Berlin, 7. September 1939 The Reich Ministry of Labor
Va 5552/398/39 g.
Secret!
Consultant: Dr. Hamann
RE: Labor Conscription for Married Women
(a) State Secretary Dr. Syrup has decided that married women who have hitherto not been in employment will continue not to be liable for labor conscription unless they wish to volunteer for the labor mobilization program entirely of their own free will. The regional labor offices are to be informed accordingly.
(b) To the Presidents of the Regional Labor Offices (personal)
Re: Circular of 3.vii.39
In the circular referred to above I have laid down that in peacetime women who have domestic and family responsibilities are not to be called up unless they were previously in employment and unless their family circumstances and health have changed in the meantime.
Even under the present circumstances I do not consider it advisable to utilize married women who were not previously in employment unless the women volunteer for the labor mobilization program entirely of their own free will. I request, therefore, that you ensure that the above-mentioned instructions contained in the circular continue to be applied.

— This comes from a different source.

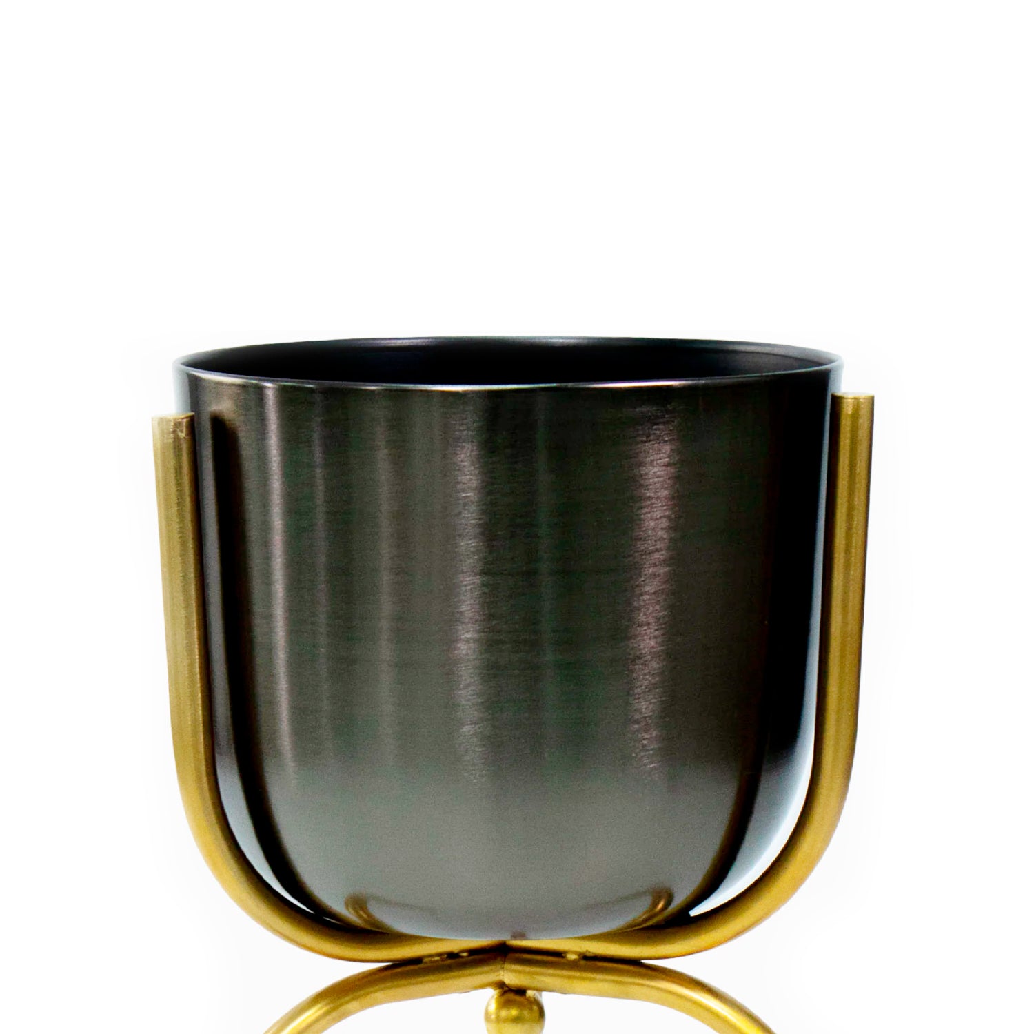 Matera metálica color negro con base dorada, este accesorio lo puedes usar también como centro de mesa o simplemente de decoración para el patio o jardín.

The manpower requirements for plants engaged on projects of national importance must be met by exploiting all other possibilities (the employment of labor from plants engaged on non-priority projects, particularly of female workers and employees who become available through the closing down of such plants, by exchanging labor between the different areas, volunteers etc.). If this should prove impossible, please inform me of the fact.

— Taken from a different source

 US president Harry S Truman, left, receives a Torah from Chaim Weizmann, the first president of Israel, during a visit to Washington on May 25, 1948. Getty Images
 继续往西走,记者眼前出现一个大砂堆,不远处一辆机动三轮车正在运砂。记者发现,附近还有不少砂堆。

Source of English translation: Jeremy Noakes, ed., Nazism, 1919-1945, Vol. 4: The German Home Front in World War II. Exeter: University of Exeter Press, 1998, pp. 313-14.
Source of original German text: Bundesarchiv Berlin R 116/260; reprinted in Ursula von Gersdorff, Frauen im Kriegsdienst 1914-1945. Beiträge zur Militär- und Kriegsgeschichte, Vol. 11. Stuttgart: Deutsche Verlagsanstalt, 1969, pp. 296-97.